Sabe quando a amiga fica na frente de casa
conversando com a outra amiga e fala assim: “deixa eu te contar, você viu
que...”. Assim é a vida no interior. Nenhuma tecnologia é capaz de roubar a
segurança que as pessoas têm de conversar, pessoalmente, no portão de casa.
Quem já morou no interior, sabe disso.
E é aquela prosa comprida, sabe? Sem
ninguém para interromper ou um telefone para tocar. No máximo, um café para
deixar o papo ainda mais prolongado. Para mim, isso é mais do que um diálogo. É
uma troca rica de observações sobre a vida. E é também quando a linguagem ganha
novo corpo.
Isso mesmo. Vocês já pararam para
prosear no portão? A linguagem ganha ritmo próprio. Em vez de perguntar: como
vai os filhos, perguntamos da família inteira. E não queremos saber apenas se a
pessoa foi hospitalizada, mas quantos dias ficou no hospital; que remédios
tomou; quem visitou o doente. Eu não acho que isso acontece porque,
supostamente, quem mora no interior do Brasil tenha mais tempo do que quem mora
em uma cidade grande, como São Paulo, por exemplo.
Mas, acredito, honestamente, que as
pessoas do interior não inventam desculpas para não se relacionarem. O
trabalho, os filhos, o marido, a aula de natação são importantes sim, mas saber
como estão as pessoas com quem nos relacionamos também é muito importante no
interior. Por isso, elas param para conversar.
E é nesse tempo em que as pessoas se
permitem a trocas, é que surge o que chamo de “uma nova linguagem”. A conversa
no pé do portão não é só legal porque ela é mais “proseada”, mas porque a
linguagem muda. Acho fascinante a maneira como as pessoas fazem adaptações da
linguagem para criar um tipo de dicionário próprio. E acredito que é fácil
visualizar isso mais no interior do que nas grandes cidades. É como se as pessoas
não tivessem vergonha de admitir que elas falam errado ou criam palavras novas
para expressar o que pensam.
E em uma conversa rápida no portão, pude
perceber algumas dessas adaptações. Na região do Norte Pioneiro do Paraná, por
exemplo, as pessoas não "vem" e "vão". Elas dizem “to ino e
to voltano”. Não há a necessidade do “d”. Um desperdício de tempo pronunciá-lo.

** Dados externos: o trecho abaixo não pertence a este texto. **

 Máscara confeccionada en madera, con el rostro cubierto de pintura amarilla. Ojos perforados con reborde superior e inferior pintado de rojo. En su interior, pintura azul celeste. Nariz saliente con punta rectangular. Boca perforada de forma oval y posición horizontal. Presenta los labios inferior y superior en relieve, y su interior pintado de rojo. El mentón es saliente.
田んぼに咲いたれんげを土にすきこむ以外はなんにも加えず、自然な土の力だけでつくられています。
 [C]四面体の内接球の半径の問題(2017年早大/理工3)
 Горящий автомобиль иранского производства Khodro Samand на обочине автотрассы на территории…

Observei também que as adaptações são
feitas para frases de algumas rezas. Você conhece o “malamem”? - alguém me
perguntou. E eu disse: Quem? - O
malamem: “me livre de todo mal, amém”. Caí na risada! E a “Ave Maria, deixa de
graça...”. O que não é a livre interpretação de uma oração?

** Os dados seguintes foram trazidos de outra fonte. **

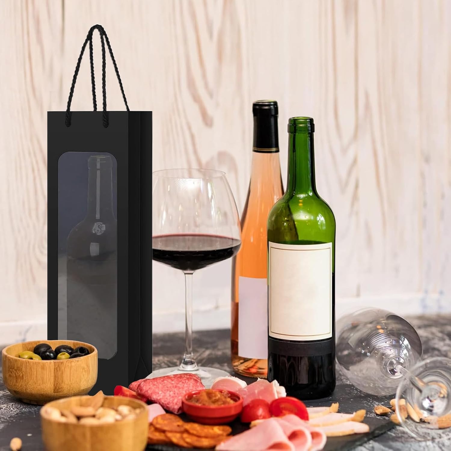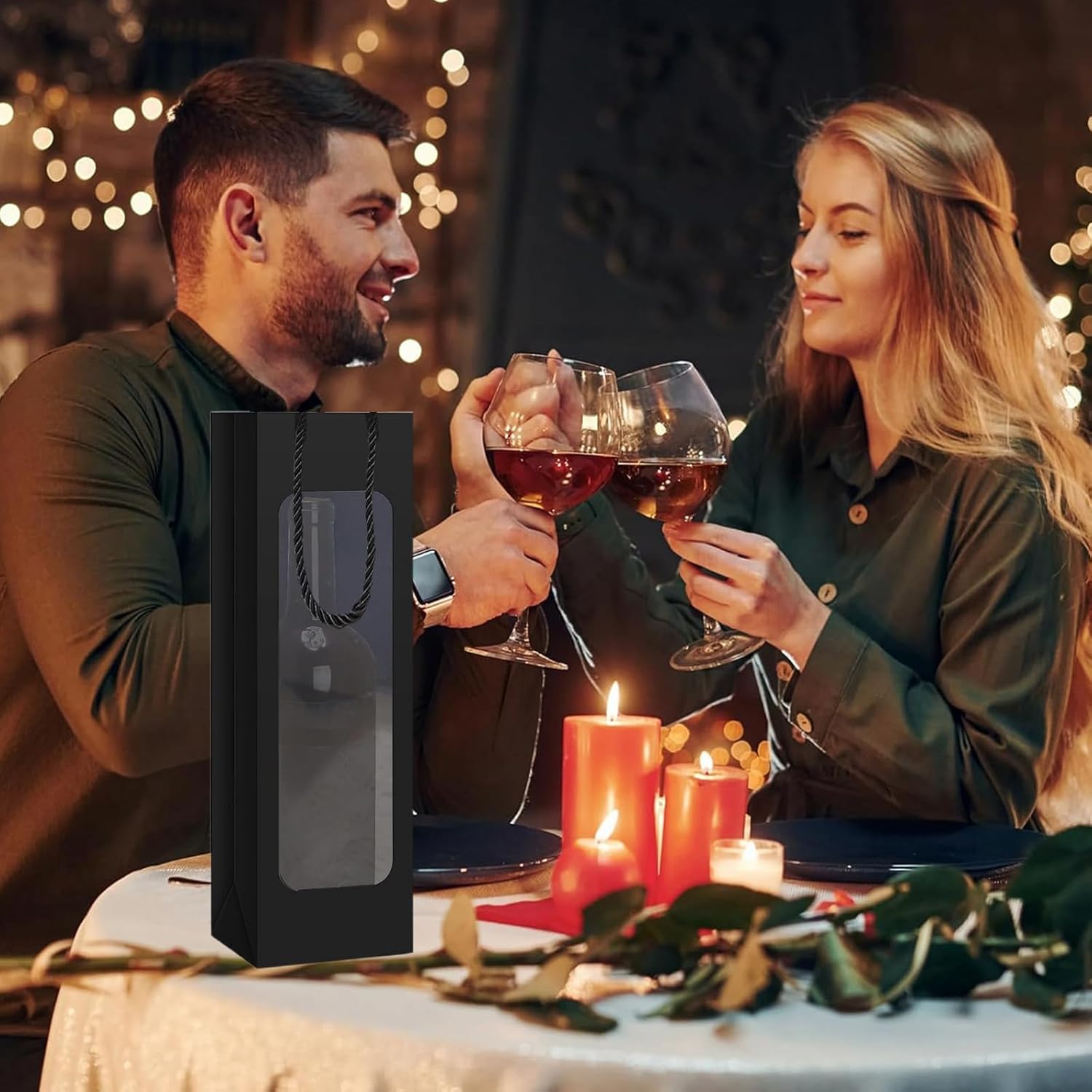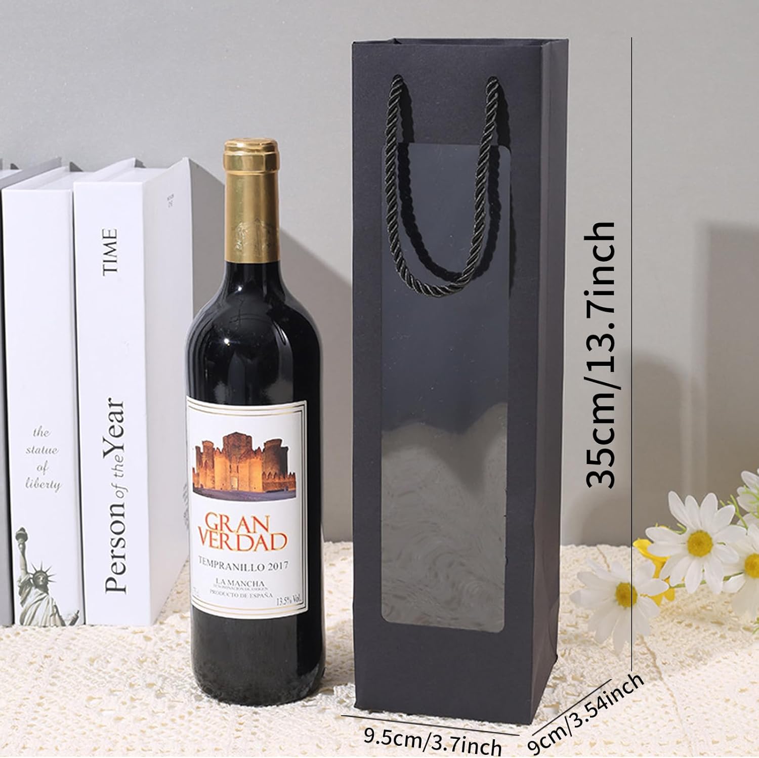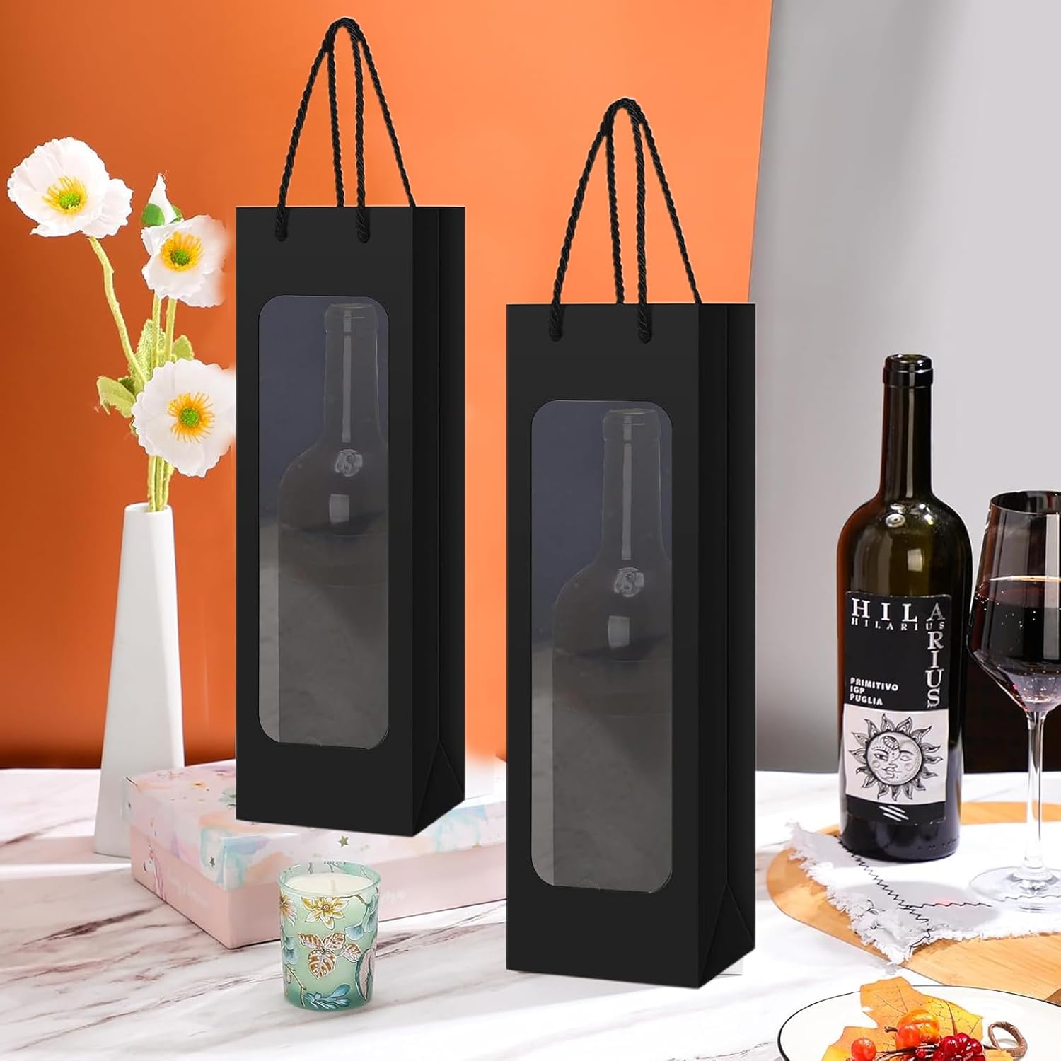 MATERIALE DI ALTA QUALITÀ: i nostri sacchetti regalo per bottiglie di vino sono realizzati in resistente carta kraft che garantisce che la borsa non si strappi o si rompa facilmente. Il materiale garantisce un utilizzo affidabile e duraturo e protegge in modo ottimale ogni bottiglia di vino durante il trasporto e durante il regalo. DESIGN SEMPLICE ED ELEGANTE: i nostri sacchetti regalo per vino sono rifiniti in un nero classico ed elegante che aggiungerà un tocco speciale al tuo regalo. Il colore neutro è adatto sia per uomini che per donne ed è ideale per la maggior parte delle occasioni, che si tratti di un compleanno, di un anniversario o di Natale. Design trasparente: i nostri sacchetti regalo per vino sono dotati di una finestra trasparente che consente una visione chiara del contenuto del sacchetto. Oltre alle bottiglie di vino strette, sono adatte anche per bottiglie di champagne e spumanti. DIMENSIONE PERFETTA: la confezione include 12 sacchetti regalo per vino con lacci. La dimensione dei sacchetti di carta è 9,5 x 9 x 35 cm, ideale per confezionare una bottiglia di vino. I sacchetti di carta kraft sono facili da piegare e riporre, occupano poco spazio, rendendoli perfetti per la conservazione e l'uso. MULTIUSO - Le buste per vino possono essere utilizzate per diversi tipi di bottiglie di vino. Queste borse resistenti sono riutilizzabili e perfette per ogni occasione e festività come Natale, Ringraziamento, anniversari e regali di compleanno.

E você sabe como vai a “fi”? E a “fiinha”?
E o “fiinho”? E o “pamódi”, sabe pra que serve? Também pode ser traduzido como
“para modo de”. “Pamódi di busca fii” leia-se também como “para modo de ir
buscar o filhinho”. E a música que toca na “rádia”?
No Norte do Paraná, além dessa livre
adaptação das palavras, o charme fica por conta do “r” retroflexo. Não é só
fazer um “uso próprio” da linguagem. A pronúncia puxada lembra a de um tempo
que já não existe mais: a da simplicidade. Uma época em que se a porteira estivesse
aberta, bastava você entrar. E se anunciar chegando com um: “oh, de casa”. Sabe
o que ia dizer o dono da casa? – Tarde? Tarde! Bão? Bão! Vim prosear! Viram só,
não foi preciso uma pizza, um vinho chileno, nada disso. Coisas de quem é pé "vermeio".

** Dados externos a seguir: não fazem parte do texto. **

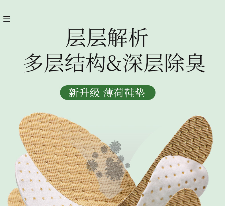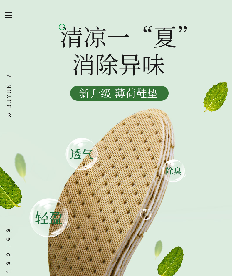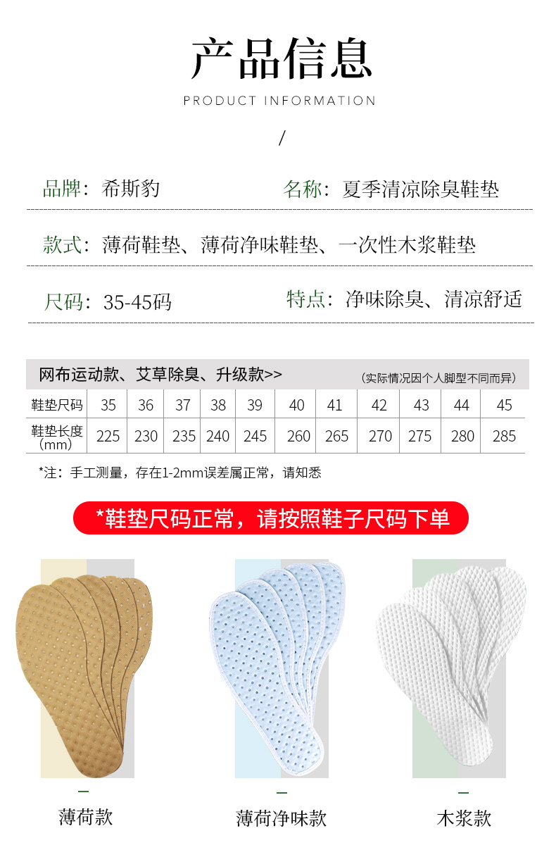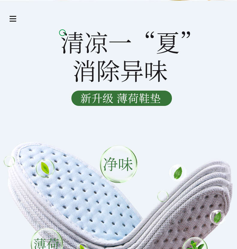 【超值5双装】夏季薄款—薄荷鞋垫,净味除臭、自由裁剪、吸汗干爽、透气舒适,清凉一夏、做你双脚的守护神,清爽过夏天!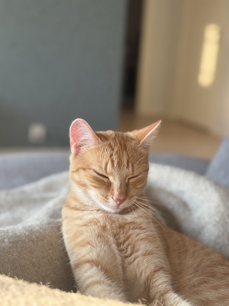 Hun er en ung katt på 10 mnd, og er derfor litt liten av seg. Hun er oransjstripete med litt mørkere striper i ansiktet og en lysere hake. Oransje øyne.

É do tipo “chega aí” ou “cola em nóis”, como se diz em Londrina.
Se você não é pé vermelho, não se sinta
acanhado. A casa é sua! A linguagem também! Agora para puxar o “r” vai ser
preciso um pouquinho de treino! Quer tentar?
p.s: nem preciso
dizer que sou pé vermelho. Quem é vermelho é quem nasce no Norte do Paraná ou
Norte Pioneiro. E carrega não só o sotaque como também um jeito particular de
prosear. O nome pé vermelho ou “pé vermeio” como é preferencialmente falado, é
dito para quem mora na roça e tem o pé vermelho por conta da cor da terra
daquela região: vermelha! Mas, essa expressão é mais velha que o próprio Norte
do Paraná. Hoje, quase ninguém mora mais na roça, mas o jeitinho de prosear do povo, permaneceu.